*** Block opens ***

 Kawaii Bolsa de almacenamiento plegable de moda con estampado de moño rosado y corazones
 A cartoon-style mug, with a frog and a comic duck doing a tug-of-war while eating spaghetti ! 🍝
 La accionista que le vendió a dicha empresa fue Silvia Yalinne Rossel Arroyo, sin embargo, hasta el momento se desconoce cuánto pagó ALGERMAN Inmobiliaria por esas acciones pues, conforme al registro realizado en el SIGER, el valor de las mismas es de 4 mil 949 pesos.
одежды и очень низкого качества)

*** Block closes ***
*** Block opens ***

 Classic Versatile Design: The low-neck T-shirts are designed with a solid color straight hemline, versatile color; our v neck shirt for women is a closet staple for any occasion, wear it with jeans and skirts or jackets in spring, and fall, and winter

*** Block closes ***
*** Block opens ***

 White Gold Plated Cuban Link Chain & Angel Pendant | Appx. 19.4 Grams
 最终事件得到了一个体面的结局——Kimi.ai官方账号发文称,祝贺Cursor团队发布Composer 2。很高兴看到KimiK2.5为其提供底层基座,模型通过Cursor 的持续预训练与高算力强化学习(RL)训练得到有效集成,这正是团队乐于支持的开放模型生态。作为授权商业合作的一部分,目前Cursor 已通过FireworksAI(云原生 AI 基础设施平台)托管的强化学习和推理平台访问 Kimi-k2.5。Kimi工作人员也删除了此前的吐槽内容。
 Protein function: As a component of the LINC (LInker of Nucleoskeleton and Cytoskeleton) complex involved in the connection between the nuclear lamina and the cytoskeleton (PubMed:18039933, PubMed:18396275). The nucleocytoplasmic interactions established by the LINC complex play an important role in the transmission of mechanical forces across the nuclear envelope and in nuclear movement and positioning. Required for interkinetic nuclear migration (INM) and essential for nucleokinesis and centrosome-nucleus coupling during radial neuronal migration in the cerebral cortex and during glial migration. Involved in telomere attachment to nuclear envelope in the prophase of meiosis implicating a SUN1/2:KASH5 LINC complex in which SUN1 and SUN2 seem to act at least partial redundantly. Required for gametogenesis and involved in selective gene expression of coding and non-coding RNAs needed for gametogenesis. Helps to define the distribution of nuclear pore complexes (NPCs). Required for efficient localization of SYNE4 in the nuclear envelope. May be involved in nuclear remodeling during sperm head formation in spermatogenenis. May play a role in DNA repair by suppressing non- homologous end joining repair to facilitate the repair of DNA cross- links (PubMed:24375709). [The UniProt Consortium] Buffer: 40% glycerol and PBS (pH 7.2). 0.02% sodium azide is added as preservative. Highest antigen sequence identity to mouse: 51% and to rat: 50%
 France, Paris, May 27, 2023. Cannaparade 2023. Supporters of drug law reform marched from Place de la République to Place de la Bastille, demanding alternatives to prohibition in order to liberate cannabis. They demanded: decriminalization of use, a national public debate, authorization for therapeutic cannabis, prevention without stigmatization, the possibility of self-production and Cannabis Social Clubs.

*** Block closes ***

== Assigned task ==
There is a run of lines above from the one with "Kawaii Bolsa de" to the one with "одежды и очень низкого качества)"; print exactly that run, both ends included, and nothing else.

== Answer to the problem ==
 Kawaii Bolsa de almacenamiento plegable de moda con estampado de moño rosado y corazones
 A cartoon-style mug, with a frog and a comic duck doing a tug-of-war while eating spaghetti ! 🍝
 La accionista que le vendió a dicha empresa fue Silvia Yalinne Rossel Arroyo, sin embargo, hasta el momento se desconoce cuánto pagó ALGERMAN Inmobiliaria por esas acciones pues, conforme al registro realizado en el SIGER, el valor de las mismas es de 4 mil 949 pesos.
одежды и очень низкого качества)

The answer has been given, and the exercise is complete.